** RECORDS PROVIDED follows **

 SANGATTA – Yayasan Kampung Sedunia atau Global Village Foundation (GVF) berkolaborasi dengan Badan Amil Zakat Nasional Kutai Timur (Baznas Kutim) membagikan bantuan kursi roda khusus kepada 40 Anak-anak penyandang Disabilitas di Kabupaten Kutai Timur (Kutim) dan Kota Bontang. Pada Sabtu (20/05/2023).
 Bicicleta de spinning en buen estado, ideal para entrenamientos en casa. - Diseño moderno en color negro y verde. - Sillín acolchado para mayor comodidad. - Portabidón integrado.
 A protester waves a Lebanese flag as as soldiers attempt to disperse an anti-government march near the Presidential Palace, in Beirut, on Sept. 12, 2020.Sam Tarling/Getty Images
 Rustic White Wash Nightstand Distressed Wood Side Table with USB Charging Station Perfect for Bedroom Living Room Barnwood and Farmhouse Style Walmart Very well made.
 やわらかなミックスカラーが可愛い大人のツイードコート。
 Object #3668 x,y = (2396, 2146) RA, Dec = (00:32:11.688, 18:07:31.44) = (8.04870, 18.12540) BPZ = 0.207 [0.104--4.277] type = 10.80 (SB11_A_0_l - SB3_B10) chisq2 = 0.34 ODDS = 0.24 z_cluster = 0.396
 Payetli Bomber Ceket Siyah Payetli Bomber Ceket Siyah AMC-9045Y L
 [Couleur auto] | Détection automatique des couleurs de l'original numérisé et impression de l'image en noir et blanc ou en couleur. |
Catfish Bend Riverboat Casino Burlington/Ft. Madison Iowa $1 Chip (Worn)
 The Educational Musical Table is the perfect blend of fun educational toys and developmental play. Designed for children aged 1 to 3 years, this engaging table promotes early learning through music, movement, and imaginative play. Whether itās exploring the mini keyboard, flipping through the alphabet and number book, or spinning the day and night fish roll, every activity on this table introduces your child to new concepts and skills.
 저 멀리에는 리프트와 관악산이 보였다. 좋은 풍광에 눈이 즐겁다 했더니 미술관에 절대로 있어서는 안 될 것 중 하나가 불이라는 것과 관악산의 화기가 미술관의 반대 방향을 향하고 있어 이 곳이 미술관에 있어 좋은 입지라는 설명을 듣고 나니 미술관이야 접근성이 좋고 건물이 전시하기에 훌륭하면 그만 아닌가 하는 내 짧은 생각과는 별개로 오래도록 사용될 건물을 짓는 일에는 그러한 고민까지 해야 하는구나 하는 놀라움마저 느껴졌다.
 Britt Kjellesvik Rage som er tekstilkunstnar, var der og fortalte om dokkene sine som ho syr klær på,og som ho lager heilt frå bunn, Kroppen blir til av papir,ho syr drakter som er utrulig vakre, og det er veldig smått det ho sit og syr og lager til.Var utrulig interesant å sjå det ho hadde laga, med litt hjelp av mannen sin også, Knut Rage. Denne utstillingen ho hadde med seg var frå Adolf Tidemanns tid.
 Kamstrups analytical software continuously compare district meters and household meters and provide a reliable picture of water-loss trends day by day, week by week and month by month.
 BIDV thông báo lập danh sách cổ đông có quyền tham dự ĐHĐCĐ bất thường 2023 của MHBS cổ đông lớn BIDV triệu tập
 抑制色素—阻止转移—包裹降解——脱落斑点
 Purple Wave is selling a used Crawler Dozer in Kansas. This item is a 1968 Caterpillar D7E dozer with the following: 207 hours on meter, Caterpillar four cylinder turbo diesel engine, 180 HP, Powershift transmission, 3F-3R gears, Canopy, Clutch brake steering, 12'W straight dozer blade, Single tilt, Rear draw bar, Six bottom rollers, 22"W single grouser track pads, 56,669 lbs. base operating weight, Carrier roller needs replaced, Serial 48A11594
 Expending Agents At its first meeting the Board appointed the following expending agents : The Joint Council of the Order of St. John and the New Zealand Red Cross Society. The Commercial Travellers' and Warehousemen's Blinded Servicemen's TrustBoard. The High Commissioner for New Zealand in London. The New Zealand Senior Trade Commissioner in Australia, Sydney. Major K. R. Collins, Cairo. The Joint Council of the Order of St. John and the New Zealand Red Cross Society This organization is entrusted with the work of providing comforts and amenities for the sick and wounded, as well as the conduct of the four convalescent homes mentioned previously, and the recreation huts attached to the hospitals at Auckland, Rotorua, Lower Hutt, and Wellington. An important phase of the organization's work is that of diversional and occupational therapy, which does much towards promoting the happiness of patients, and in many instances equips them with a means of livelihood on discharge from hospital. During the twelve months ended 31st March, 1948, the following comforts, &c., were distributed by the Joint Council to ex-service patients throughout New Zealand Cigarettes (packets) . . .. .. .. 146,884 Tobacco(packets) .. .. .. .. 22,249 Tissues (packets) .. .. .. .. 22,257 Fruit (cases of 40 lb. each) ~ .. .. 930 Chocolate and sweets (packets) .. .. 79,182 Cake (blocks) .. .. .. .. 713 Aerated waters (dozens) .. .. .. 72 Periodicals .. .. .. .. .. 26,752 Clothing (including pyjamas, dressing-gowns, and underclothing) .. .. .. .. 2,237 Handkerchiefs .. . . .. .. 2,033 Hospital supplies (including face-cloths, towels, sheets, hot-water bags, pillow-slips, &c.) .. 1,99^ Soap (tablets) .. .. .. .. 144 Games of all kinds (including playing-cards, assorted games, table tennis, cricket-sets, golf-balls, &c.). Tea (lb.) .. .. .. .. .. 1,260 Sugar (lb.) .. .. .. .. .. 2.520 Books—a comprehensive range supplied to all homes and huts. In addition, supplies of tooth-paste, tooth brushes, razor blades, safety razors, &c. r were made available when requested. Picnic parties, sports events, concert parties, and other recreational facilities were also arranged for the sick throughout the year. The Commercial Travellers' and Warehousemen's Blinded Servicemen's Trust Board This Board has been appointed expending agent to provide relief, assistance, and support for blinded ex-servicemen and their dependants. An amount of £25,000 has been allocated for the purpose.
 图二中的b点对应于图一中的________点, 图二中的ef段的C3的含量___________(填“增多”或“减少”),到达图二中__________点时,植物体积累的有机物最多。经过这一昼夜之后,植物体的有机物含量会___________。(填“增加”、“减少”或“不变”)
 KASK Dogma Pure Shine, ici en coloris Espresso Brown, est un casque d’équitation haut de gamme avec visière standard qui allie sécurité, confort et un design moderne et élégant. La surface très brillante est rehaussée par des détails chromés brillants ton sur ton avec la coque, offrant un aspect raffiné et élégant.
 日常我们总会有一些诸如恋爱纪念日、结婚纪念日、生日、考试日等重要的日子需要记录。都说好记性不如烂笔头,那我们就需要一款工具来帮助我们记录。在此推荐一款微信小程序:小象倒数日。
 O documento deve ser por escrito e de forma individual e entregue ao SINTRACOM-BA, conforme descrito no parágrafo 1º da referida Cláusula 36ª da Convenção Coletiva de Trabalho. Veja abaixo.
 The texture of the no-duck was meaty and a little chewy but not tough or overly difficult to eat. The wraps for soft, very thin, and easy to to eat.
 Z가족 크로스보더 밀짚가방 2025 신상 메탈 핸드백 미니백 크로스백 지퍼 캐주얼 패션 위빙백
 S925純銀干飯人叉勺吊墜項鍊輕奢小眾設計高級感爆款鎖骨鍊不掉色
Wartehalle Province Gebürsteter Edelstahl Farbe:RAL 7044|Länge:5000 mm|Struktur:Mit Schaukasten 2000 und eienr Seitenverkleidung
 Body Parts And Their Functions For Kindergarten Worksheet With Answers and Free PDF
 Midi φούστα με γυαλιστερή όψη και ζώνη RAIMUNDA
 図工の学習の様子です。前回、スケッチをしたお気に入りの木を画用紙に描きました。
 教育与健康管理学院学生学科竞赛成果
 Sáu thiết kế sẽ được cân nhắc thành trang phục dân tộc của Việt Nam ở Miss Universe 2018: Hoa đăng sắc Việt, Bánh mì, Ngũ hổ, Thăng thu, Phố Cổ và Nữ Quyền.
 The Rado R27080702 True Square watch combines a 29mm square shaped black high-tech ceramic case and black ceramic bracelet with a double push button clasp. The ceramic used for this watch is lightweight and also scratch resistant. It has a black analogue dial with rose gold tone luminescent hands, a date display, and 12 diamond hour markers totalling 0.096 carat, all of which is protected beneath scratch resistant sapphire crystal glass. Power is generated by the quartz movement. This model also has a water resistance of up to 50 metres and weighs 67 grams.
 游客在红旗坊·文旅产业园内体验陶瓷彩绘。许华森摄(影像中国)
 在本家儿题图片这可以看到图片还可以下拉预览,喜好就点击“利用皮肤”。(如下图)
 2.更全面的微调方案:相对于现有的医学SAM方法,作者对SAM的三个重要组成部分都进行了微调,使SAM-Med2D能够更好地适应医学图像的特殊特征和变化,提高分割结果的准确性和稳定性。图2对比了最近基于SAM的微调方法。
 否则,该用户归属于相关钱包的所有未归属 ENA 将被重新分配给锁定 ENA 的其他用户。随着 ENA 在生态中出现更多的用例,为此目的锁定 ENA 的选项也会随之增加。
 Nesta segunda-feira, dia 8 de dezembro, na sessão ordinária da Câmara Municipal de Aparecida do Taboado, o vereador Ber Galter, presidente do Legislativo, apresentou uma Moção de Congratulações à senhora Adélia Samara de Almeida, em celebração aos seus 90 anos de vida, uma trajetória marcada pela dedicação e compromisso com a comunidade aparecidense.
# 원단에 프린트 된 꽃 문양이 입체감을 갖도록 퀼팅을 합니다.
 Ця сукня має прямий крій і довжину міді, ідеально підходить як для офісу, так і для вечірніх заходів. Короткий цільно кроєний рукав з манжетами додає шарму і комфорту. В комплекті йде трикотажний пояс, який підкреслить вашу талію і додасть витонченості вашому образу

** End of RECORDS PROVIDED **

### PROMPT
Could you return exactly the lines above from the line with "Midi φούστα με" to the line with "Sáu thiết kế", both included, and nothing else?

### EXERCISE OUTPUT
 Midi φούστα με γυαλιστερή όψη και ζώνη RAIMUNDA
 図工の学習の様子です。前回、スケッチをしたお気に入りの木を画用紙に描きました。
 教育与健康管理学院学生学科竞赛成果
 Sáu thiết kế sẽ được cân nhắc thành trang phục dân tộc của Việt Nam ở Miss Universe 2018: Hoa đăng sắc Việt, Bánh mì, Ngũ hổ, Thăng thu, Phố Cổ và Nữ Quyền.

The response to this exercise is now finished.